++++ LISTED RECORDS ++++

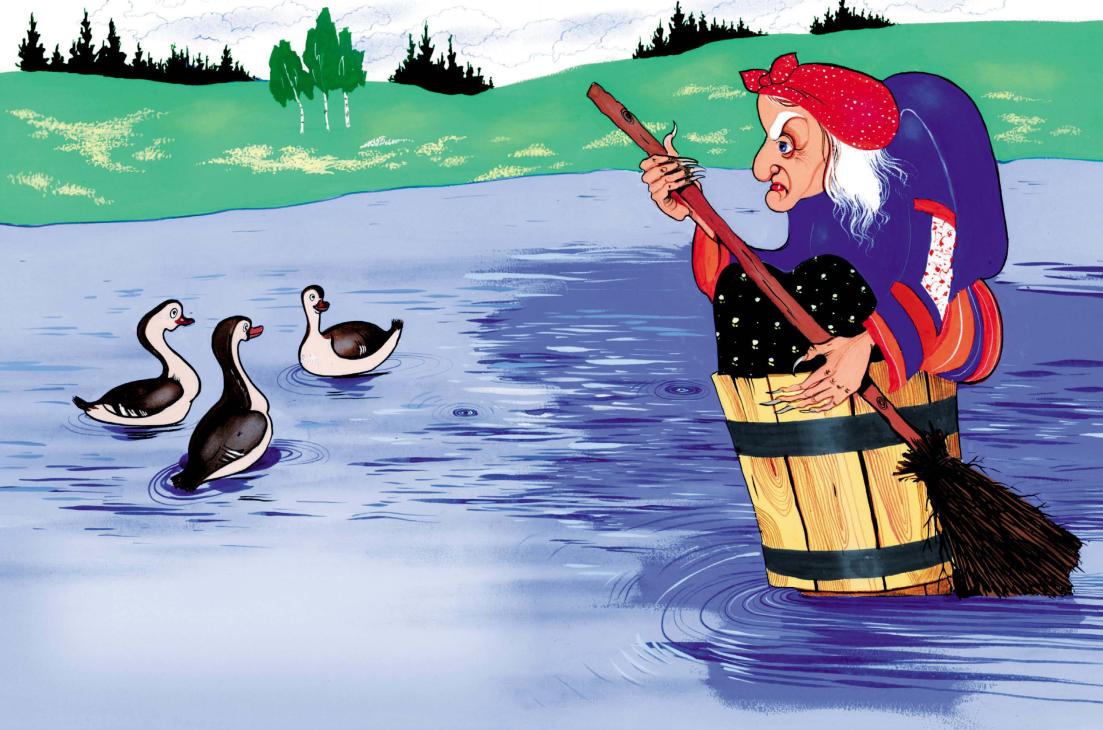 – Беги по тропинке, никуда не сворачивай. В самой чаще увидишь избушку на курьих ножках. Там живёт Баба Яга и её слуги – гуси-лебеди.
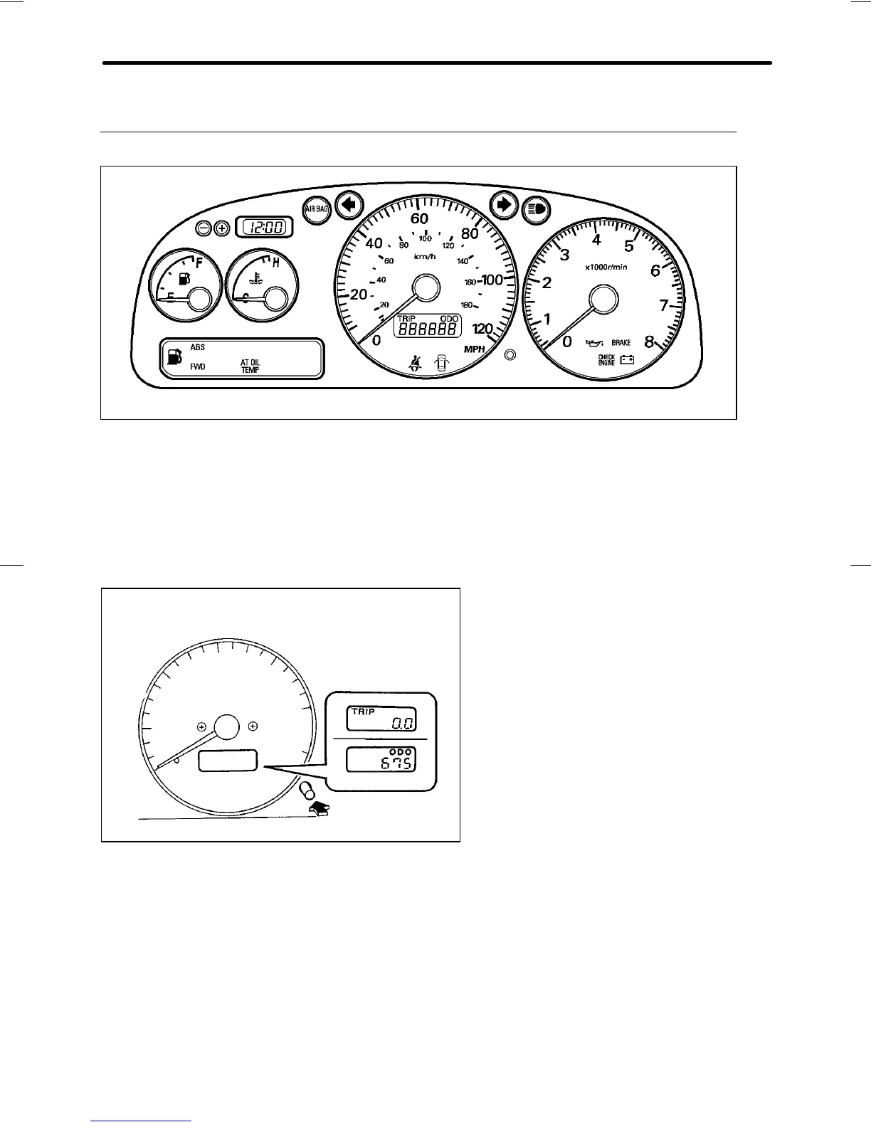 This meter displays the odometer and trip meter when the ignition switch
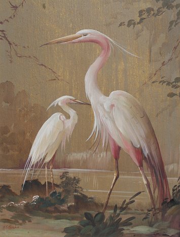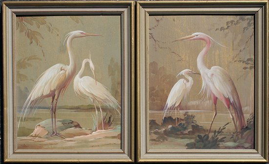 TORAN, Alphonse, (American, 1896-): Pair Oil/Masonite Egret Paintings, 10'' x 8'', signed, framed, 11 1/2'' x 9 1/2''.
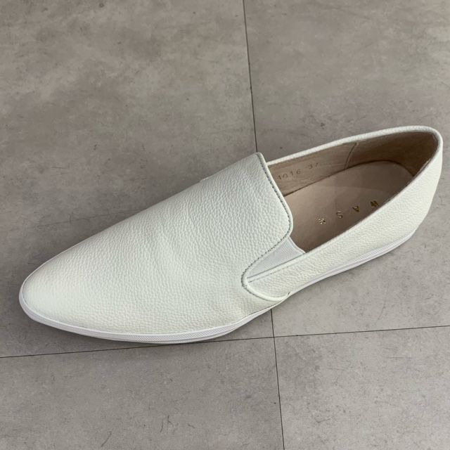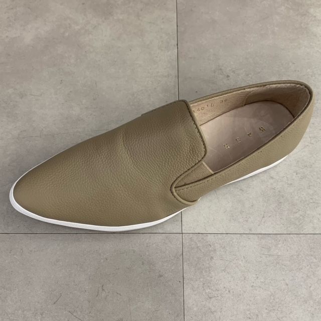 足元をすっきりと見せてくれるポインテッドトゥのスリッポン。
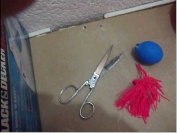 7. Fije el "pelo" a la pelota enrollando la lana sobrante en la bola alrededor del "pelo" una vez que esté firmemente agarrada, hacer un nudo apretado y cortar el exceso de lana.
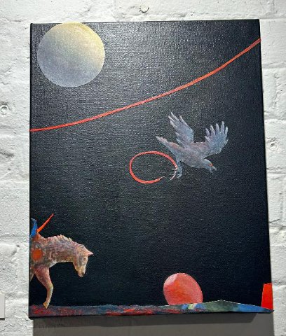 On the walls are 17 intimately scaled, collaged, acrylic paintings by Joanna Klain. The space of the gallery is chock-a-block, gob smacked with multi media, assembled metal sculptures by Richard Criddle.
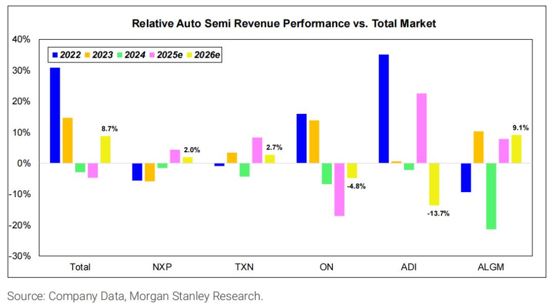 2025年汽车市场复苏滞后于其他终端市场,但大摩预计2026年将出现增长势头的转折。大摩认为,补货周期可能会在2026年上半年左右形成,即使终端需求没有同步回升,也会带来上行动力。其中,大摩点名恩智浦,评价其是预计明年营收将超越历史峰值的仅有的两家公司之一。原因是,恩智浦汽车业务占比平均保持在50%以上高位。
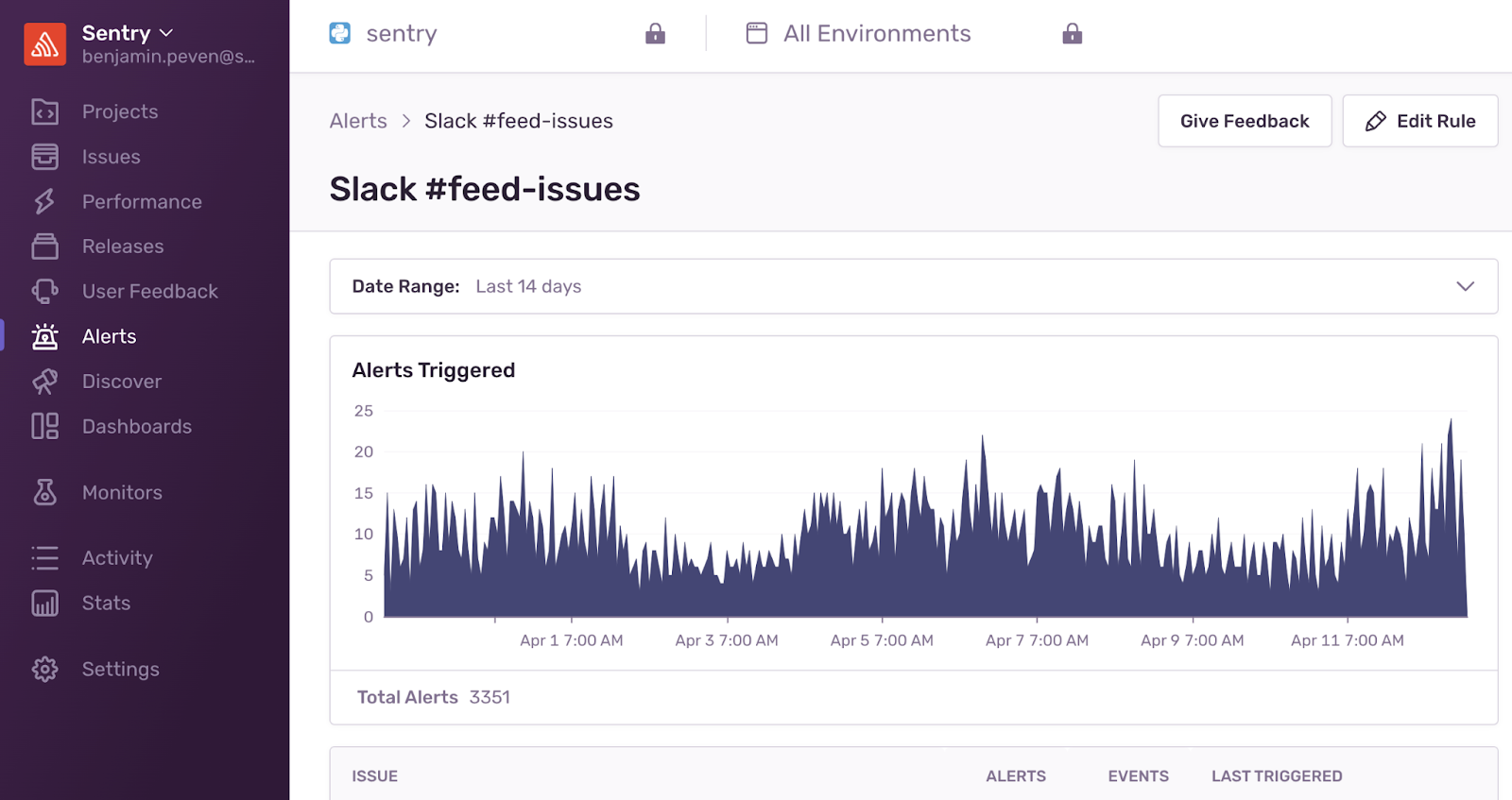 In the example below, I select an Issue Alert and see that the ReadTimeoutError Issue has triggered 104 alerts in the past 14 days. I may want to look into this error in the future, but in this case, these timeout errors aren’t worth waking up in the middle of the night for. To exclude these events from this Alert, I edit the Alert rule to exclude the ReadTimeoutError exception. Now I won’t receive any more timeout error notifications.
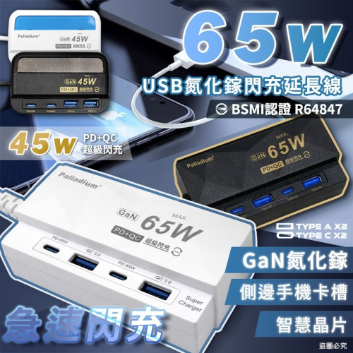 ◆品名:Palladium 45W USB氮化鎵閃充延長線4孔
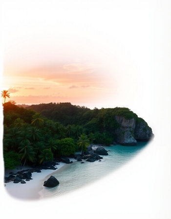 Idyllic tropical island lagoon landscape with lush vegetation backdrop
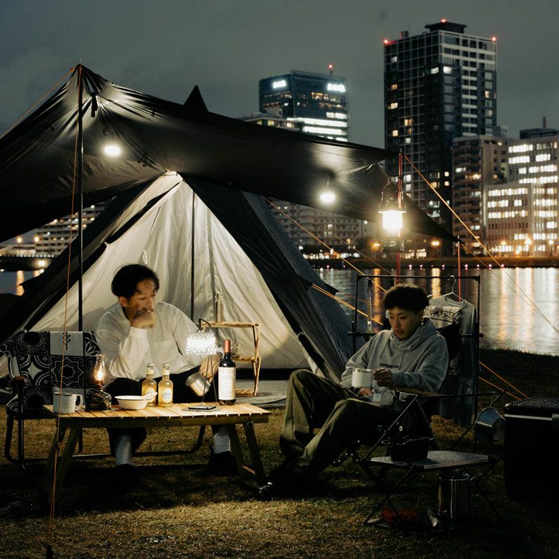 マグネットでテント生地を挟んで使用可能。
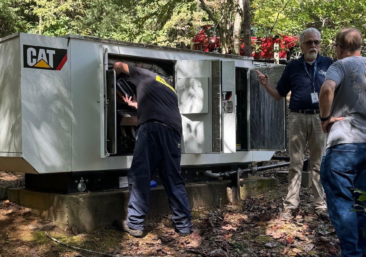 WMIT’s Steve McPeters and Keith Pittman are shown with a technician from Carolina Cat who is configuring a generator.
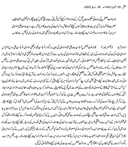 While following Madre Millat e Jafariya no stone will be left unturned for the mission of Wala O Aza
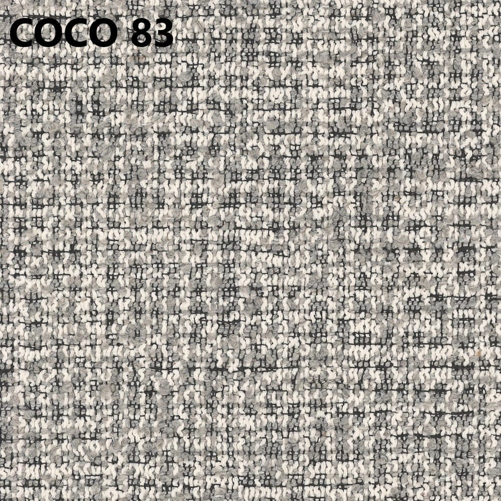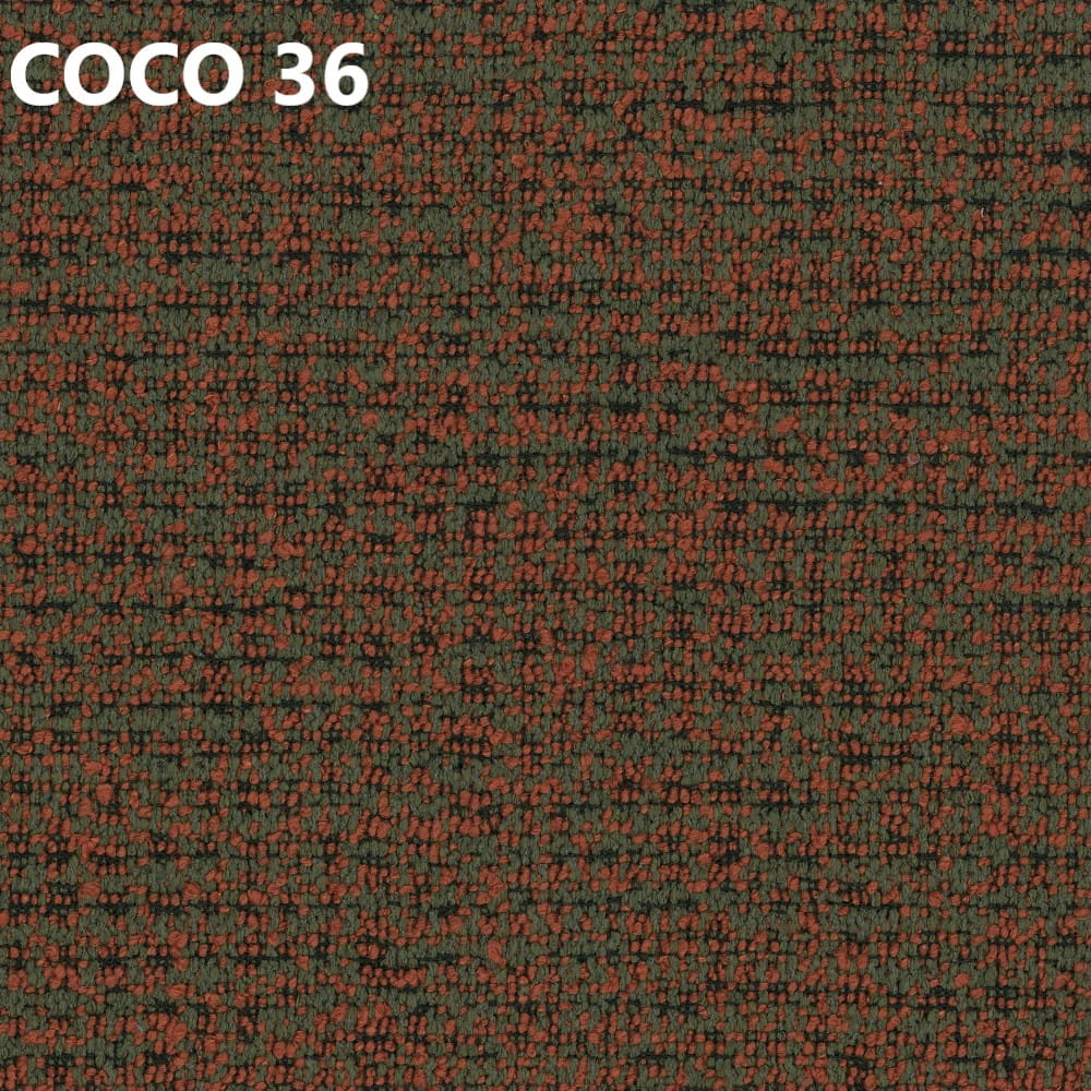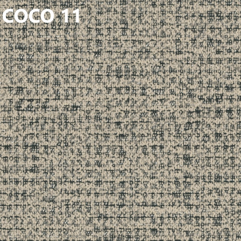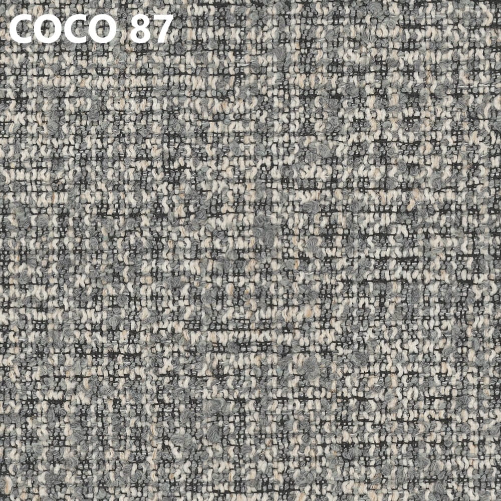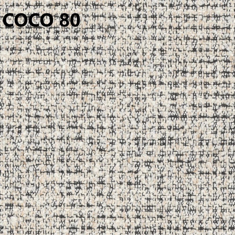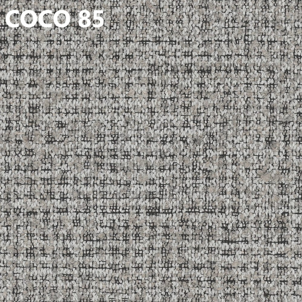 Tkanina Coco wyróżnia się wyraźnym, melanżowym splotem, który nadaje wnętrzu głębi i przytulnego charakteru. Jest trwała i odporna na codzienne użytkowanie.
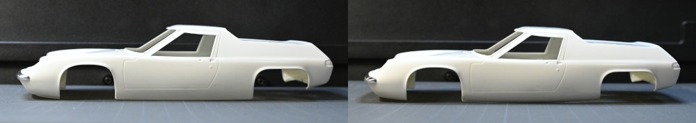 ただし横から見た際のヘッドライトの高さはほぼ同じで、裏側をパテで裏打ちしながら削り込んでライト位置を低くする作業量は同じようですね。
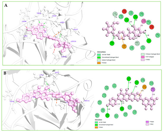 The compounds Amb23604659 have been found to form a total of ten bands including five hydrogen bonds (four conventional H-B and one carbon H-B), one electrostatic (Pi-Anion), and four hydrophobic bonds (one Alkyl, two Pi-Alkyl, one Pi-Pi T-shaped) with the protein in different residual position having a distance between 2.0 Å to 5.10 Å shown in Figure 7B.
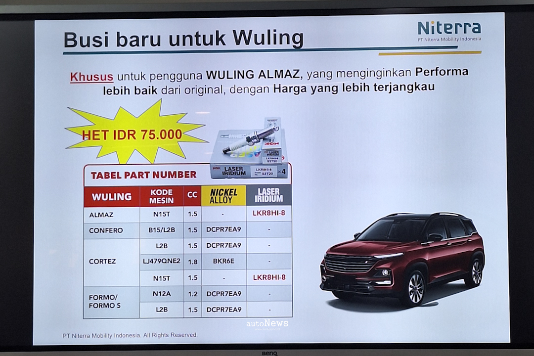 Selain Laser Iridium untuk Almaz dan Cortez, Niterra juga menyiapkan pilihan busi lain berbahan nickel alloy untuk model Wuling lain seperti Confero dan Formo.
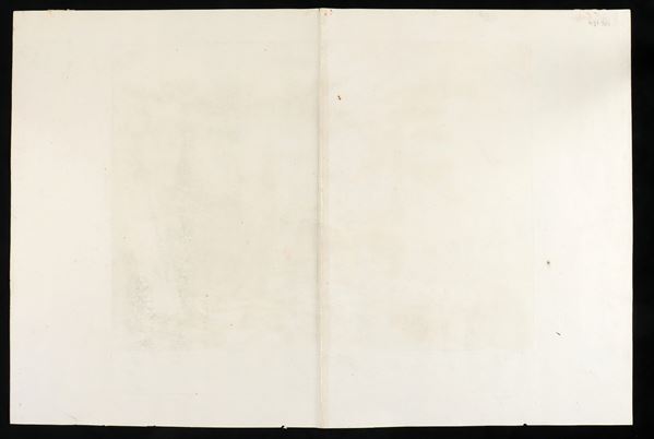 Printed on two sheets of joined laid paper with watermark ("Bracciano" and countermark). Sheet in good condition except for residues of brown scotch tape at the top, a small well-restored tear at the bottom right and a very small rust stain in the center of the composition.

++++

| INSTRUCTIONS FOR THE TASK |
Copy the listing character for character, pictures omitted.

| COMPLETED EXERCISE |
 – Беги по тропинке, никуда не сворачивай. В самой чаще увидишь избушку на курьих ножках. Там живёт Баба Яга и её слуги – гуси-лебеди.
 This meter displays the odometer and trip meter when the ignition switch
 TORAN, Alphonse, (American, 1896-): Pair Oil/Masonite Egret Paintings, 10'' x 8'', signed, framed, 11 1/2'' x 9 1/2''.
 足元をすっきりと見せてくれるポインテッドトゥのスリッポン。
 7. Fije el "pelo" a la pelota enrollando la lana sobrante en la bola alrededor del "pelo" una vez que esté firmemente agarrada, hacer un nudo apretado y cortar el exceso de lana.
 On the walls are 17 intimately scaled, collaged, acrylic paintings by Joanna Klain. The space of the gallery is chock-a-block, gob smacked with multi media, assembled metal sculptures by Richard Criddle.
 2025年汽车市场复苏滞后于其他终端市场,但大摩预计2026年将出现增长势头的转折。大摩认为,补货周期可能会在2026年上半年左右形成,即使终端需求没有同步回升,也会带来上行动力。其中,大摩点名恩智浦,评价其是预计明年营收将超越历史峰值的仅有的两家公司之一。原因是,恩智浦汽车业务占比平均保持在50%以上高位。
 In the example below, I select an Issue Alert and see that the ReadTimeoutError Issue has triggered 104 alerts in the past 14 days. I may want to look into this error in the future, but in this case, these timeout errors aren’t worth waking up in the middle of the night for. To exclude these events from this Alert, I edit the Alert rule to exclude the ReadTimeoutError exception. Now I won’t receive any more timeout error notifications.
 ◆品名:Palladium 45W USB氮化鎵閃充延長線4孔
 Idyllic tropical island lagoon landscape with lush vegetation backdrop
 マグネットでテント生地を挟んで使用可能。
 WMIT’s Steve McPeters and Keith Pittman are shown with a technician from Carolina Cat who is configuring a generator.
 While following Madre Millat e Jafariya no stone will be left unturned for the mission of Wala O Aza
 Tkanina Coco wyróżnia się wyraźnym, melanżowym splotem, który nadaje wnętrzu głębi i przytulnego charakteru. Jest trwała i odporna na codzienne użytkowanie.
 ただし横から見た際のヘッドライトの高さはほぼ同じで、裏側をパテで裏打ちしながら削り込んでライト位置を低くする作業量は同じようですね。
 The compounds Amb23604659 have been found to form a total of ten bands including five hydrogen bonds (four conventional H-B and one carbon H-B), one electrostatic (Pi-Anion), and four hydrophobic bonds (one Alkyl, two Pi-Alkyl, one Pi-Pi T-shaped) with the protein in different residual position having a distance between 2.0 Å to 5.10 Å shown in Figure 7B.
 Selain Laser Iridium untuk Almaz dan Cortez, Niterra juga menyiapkan pilihan busi lain berbahan nickel alloy untuk model Wuling lain seperti Confero dan Formo.
 Printed on two sheets of joined laid paper with watermark ("Bracciano" and countermark). Sheet in good condition except for residues of brown scotch tape at the top, a small well-restored tear at the bottom right and a very small rust stain in the center of the composition.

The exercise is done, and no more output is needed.